- DESCRIPTION OF THE TASK: The whole listing below should be retyped exactly, without any images.

- DATA BLOCK:
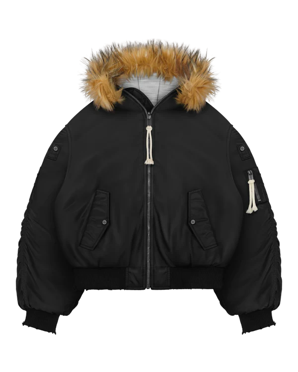 Design: Stile bomber, cappuccio foderato in pelliccia, polsini a coste, chiusura con zip
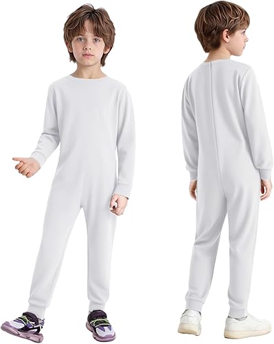 Special Needs Adaptive Clothing for Children Boys Girls Long Sleeve Anti-Strip Jumpsuit Zip Back Romper White 8 Years
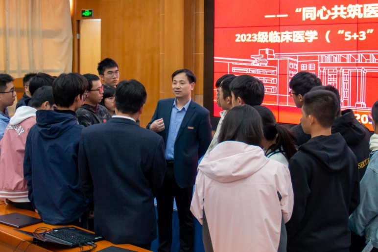 11月20日,副校长陈万金参加世界杯 2023级临床医学(5+3一体化)专业思想教育座谈会。学院党政领导班子成员、学院各办公室主任、辅导员代表及2023级临床医学(“5+3”一体化)专业全体学生参加了本次活动。
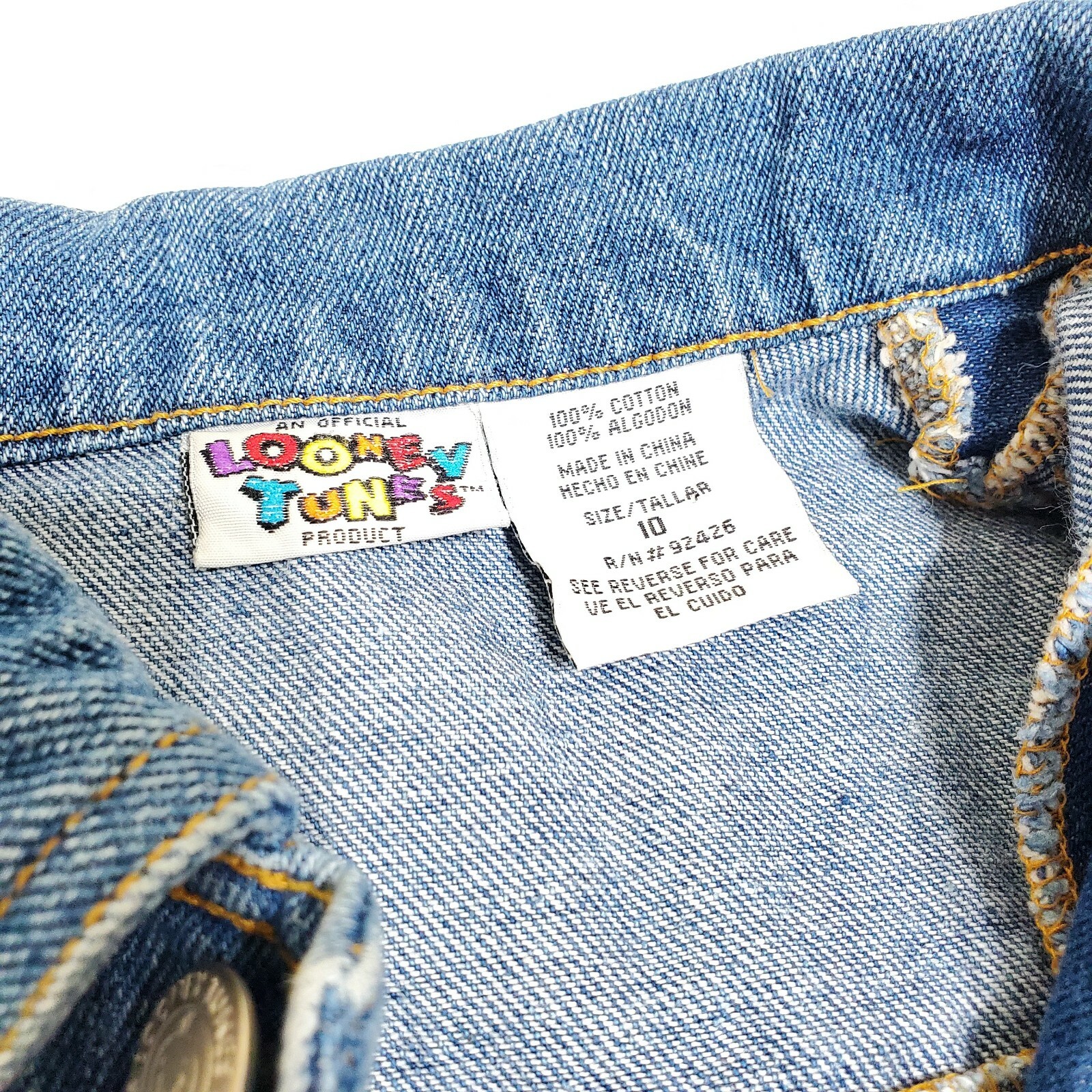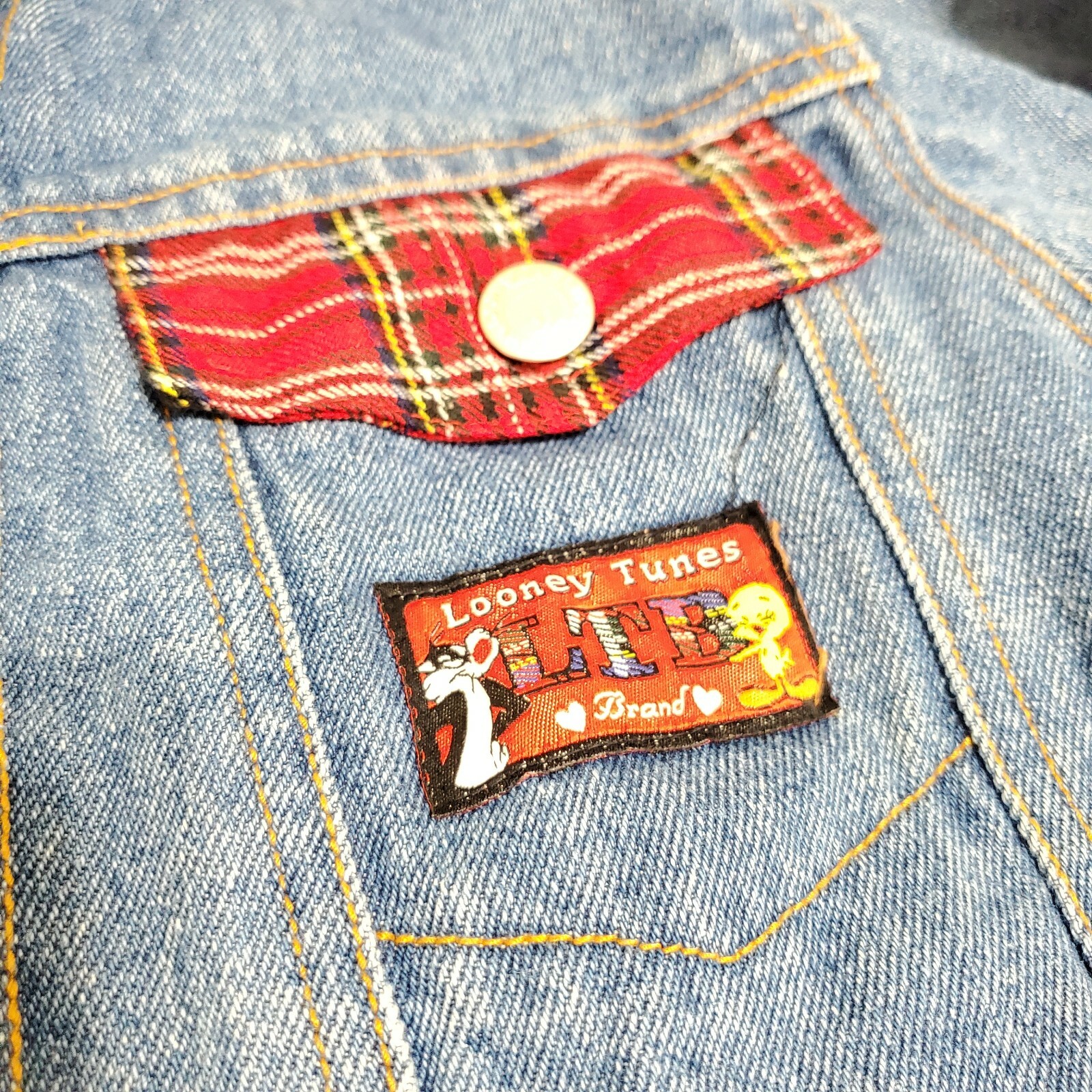 VTG 1996 Official Looney Tunes WB Plaid Tweety Bird Jean Jacket Youth Size 10

- SOLVED PROBLEM:
 Design: Stile bomber, cappuccio foderato in pelliccia, polsini a coste, chiusura con zip
 Special Needs Adaptive Clothing for Children Boys Girls Long Sleeve Anti-Strip Jumpsuit Zip Back Romper White 8 Years
 11月20日,副校长陈万金参加世界杯 2023级临床医学(5+3一体化)专业思想教育座谈会。学院党政领导班子成员、学院各办公室主任、辅导员代表及2023级临床医学(“5+3”一体化)专业全体学生参加了本次活动。
 VTG 1996 Official Looney Tunes WB Plaid Tweety Bird Jean Jacket Youth Size 10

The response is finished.